Now, another big concern that we have for this morning is after a lot of those snow showers move through, you're still going to have some very gusty winds throughout much of the day for a lot of those northeastern cities. Down to the south, rain is going to be your big factor this morning for your commute. Cities like Atlanta, Charlotte, Charleston, even Knoxville could be looking at very heavy rain at times. And that rain is going to continue as the next system slides in. So, unfortunately, Alisyn, those cities may be getting rain for several days.

CAMEROTA: Allison, thank you very much for that warning.

All right, one week to go before the Iowa caucuses and Bernie Sanders is surging.

CNN's Jeff Zeleny is live in Iowa with the latest on the 2020 race.

What's happening there, Jeff?


Bernie Sanders is on a roll, and that is precisely what is worrying his rivals and is rattling the Democratic Party establishment. Several polls out in the last several days, including this new weekend poll in "The New York Times" shows that Senator Sanders has risen to the head of the pack.

Let's take a look at some of these numbers. Senator Sanders now at 25 percent in that "New York Times" poll. Pete Buttigieg, Joe Biden, Elizabeth Warren up slightly behind him there, but bunched together as well. It was clear last night here in Sioux City as Bernie Sanders finished his final campaign stop of the weekend that he believes the Democratic establishment is getting nervous about him. He was talking about it again and again, almost relishing on that anxiety that is coursing through the Democratic Party establishment.

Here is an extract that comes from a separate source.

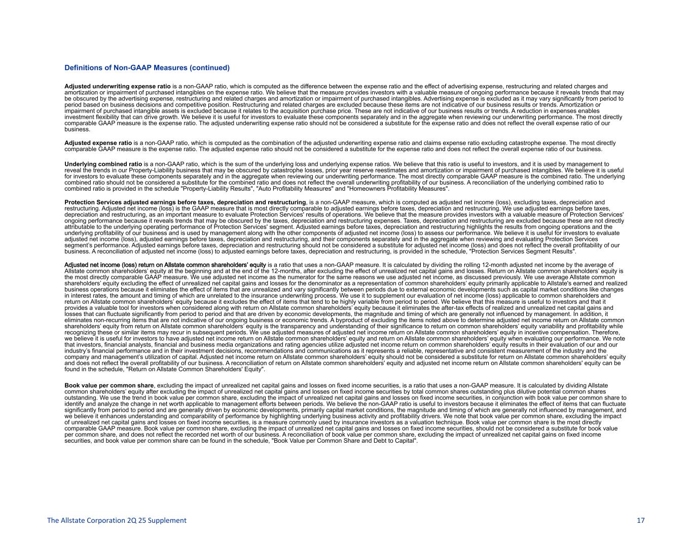 Definitions of Non-GAAP Measures (continued) Adjusted underwriting expense ratio is a non-GAAP ratio, which is computed as the difference between the expense ratio and the effect of advertising expense, restructuring and related charges and amortization or impairment of purchased intangibles on the expense ratio. We believe that the measure provides investors with a valuable measure of ongoing performance because it reveals trends that may be obscured by the advertising expense, restructuring and related charges and amortization or impairment of purchased intangibles. Advertising expense is excluded as it may vary significantly from period to period based on business decisions and competitive position. Restructuring and related charges are excluded because these items are not indicative of our business results or trends. Amortization or impairment of purchased intangible assets is excluded because it relates to the acquisition purchase price. These are not indicative of our business results or trends. A reduction in expenses enables investment flexibility that can drive growth. We believe it is useful for investors to evaluate these components separately and in the aggregate when reviewing our underwriting performance. The most directly comparable GAAP measure is the expense ratio. The adjusted underwriting expense ratio should not be considered a substitute for the expense ratio and does not reflect the overall expense ratio of our business. Adjusted expense ratio is a non-GAAP ratio, which is computed as the combination of the adjusted underwriting expense ratio and claims expense ratio excluding catastrophe expense. The most directly comparable GAAP measure is the expense ratio. The adjusted expense ratio should not be considered a substitute for the expense ratio and does not reflect the overall expense ratio of our business. Underlying combined ratio is a non-GAAP ratio, which is the sum of the underlying loss and underlying expense ratios. We believe that this ratio is useful to investors, and it is used by management to reveal the trends in our Property-Liability business that may be obscured by catastrophe losses, prior year reserve reestimates and amortization or impairment of purchased intangibles. We believe it is useful for investors to evaluate these components separately and in the aggregate when reviewing our underwriting performance. The most directly comparable GAAP measure is the combined ratio. The underlying combined ratio should not be considered a substitute for the combined ratio and does not reflect the overall underwriting profitability of our business. A reconciliation of the underlying combined ratio to combined ratio is provided in the schedule "Property-Liability Results", "Auto Profitability Measures" and "Homeowners Profitability Measures". Protection Services adjusted earnings before taxes, depreciation and restructuring, is a non-GAAP measure, which is computed as adjusted net income (loss), excluding taxes, depreciation and restructuring. Adjusted net income (loss) is the GAAP measure that is most directly comparable to adjusted earnings before taxes, depreciation and restructuring. We use adjusted earnings before taxes, depreciation and restructuring, as an important measure to evaluate Protection Services' results of operations. We believe that the measure provides investors with a valuable measure of Protection Services' ongoing performance because it reveals trends that may be obscured by the taxes, depreciation and restructuring expenses. Taxes, depreciation and restructuring are excluded because these are not directly attributable to the underlying operating performance of Protection Services' segment. Adjusted earnings before taxes, depreciation and restructuring highlights the results from ongoing operations and the underlying profitability of our business and is used by management along with the other components of adjusted net income (loss) to assess our performance. We believe it is useful for investors to evaluate adjusted net income (loss), adjusted earnings before taxes, depreciation and restructuring, and their components separately and in the aggregate when reviewing and evaluating Protection Services segment’s performance. Adjusted earnings before taxes, depreciation and restructuring should not be considered a substitute for adjusted net income (loss) and does not reflect the overall profitability of our business. A reconciliation of adjusted net income (loss) to adjusted earnings before taxes, depreciation and restructuring, is provided in the schedule, "Protection Services Segment Results". Adjusted net income (loss) return on Allstate common shareholders’ equity is a ratio that uses a non-GAAP measure. It is calculated by dividing the rolling 12-month adjusted net income by the average of Allstate common shareholders’ equity at the beginning and at the end of the 12-months, after excluding the effect of unrealized net capital gains and losses. Return on Allstate common shareholders’ equity is the most directly comparable GAAP measure. We use adjusted net income as the numerator for the same reasons we use adjusted net income, as discussed previously. We use average Allstate common shareholders’ equity excluding the effect of unrealized net capital gains and losses for the denominator as a representation of common shareholders’ equity primarily applicable to Allstate's earned and realized business operations because it eliminates the effect of items that are unrealized and vary significantly between periods due to external economic developments such as capital market conditions like changes in interest rates, the amount and timing of which are unrelated to the insurance underwriting process. We use it to supplement our evaluation of net income (loss) applicable to common shareholders and return on Allstate common shareholders’ equity because it excludes the effect of items that tend to be highly variable from period to p

Now, some of his rivals were very blunt hitting back. Amy Klobuchar says, look, this is about electability. I do not come from a blue state like Vermont. Pete Buttigieg sent a note to his supporters saying Bernie is rising here in Iowa. I need your help. So it is all about electability.

Senator Sanders answered all of that question with this. He says, excitement is the key to electability. He can bring in newer voters, younger voters, a new coalition that will help Democrats beat President Trump in November.

So, John and Alisyn, no question here in the final week of campaigning, as Senator Sanders is back in Washington with those other senators who are running for president, it is up for grabs in this state. Too close to call. But one thing is clear, Bernie Sanders on the rise, his rivals are nervous.


BERMAN: All right, Jeff. Jeff Zeleny in Iowa for us. Thanks very much.

CAMEROTA: We're following breaking news.

There has been a big development in the impeachment trial.

NEW DAY continues right now.


UNIDENTIFIED MALE: Kobe all the way. Reverse layup is good.


UNIDENTIFIED FEMALE: Kobe Bryant, the five-time NBA champion, has been killed in a helicopter crash.

UNIDENTIFIED MALE: His loss is epic and the grief incalculable.

UNIDENTIFIED MALE: He inspired a whole generation.